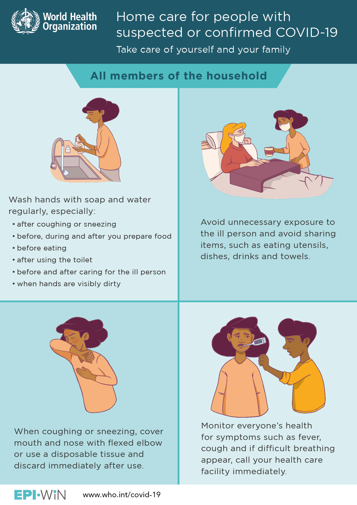 - If you live with others and home care for COVID-19 is advised by your health-care worker, other household members should follow available guidance on home care for patients with COVID-19 presenting with mild symptoms and management of their contacts (guidance here). See related flyers for people who are ill, for household members and for caregivers.
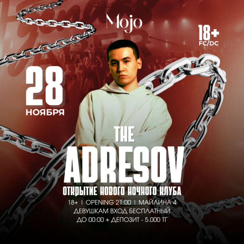 На сцене — хедлайнер The Adresov, который взорвёт танцпол своими хитами.
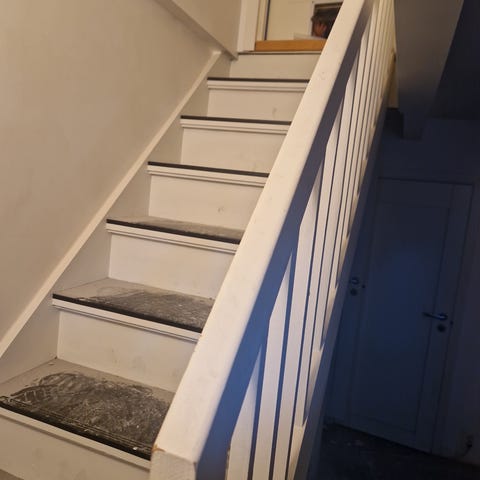 Fine trapp. Selges kun pga at etasjene skal stenges. Ca 3m i lengde, 0,95 bredde, nederst repo er 0,95 x 1,10. ca h=2,60etasjehøyde, FG Til FG

### Your instructions
Repeat the material above word for word; no images go in the copy.

### Written answer
 - If you live with others and home care for COVID-19 is advised by your health-care worker, other household members should follow available guidance on home care for patients with COVID-19 presenting with mild symptoms and management of their contacts (guidance here). See related flyers for people who are ill, for household members and for caregivers.
 На сцене — хедлайнер The Adresov, который взорвёт танцпол своими хитами.
 Fine trapp. Selges kun pga at etasjene skal stenges. Ca 3m i lengde, 0,95 bredde, nederst repo er 0,95 x 1,10. ca h=2,60etasjehøyde, FG Til FG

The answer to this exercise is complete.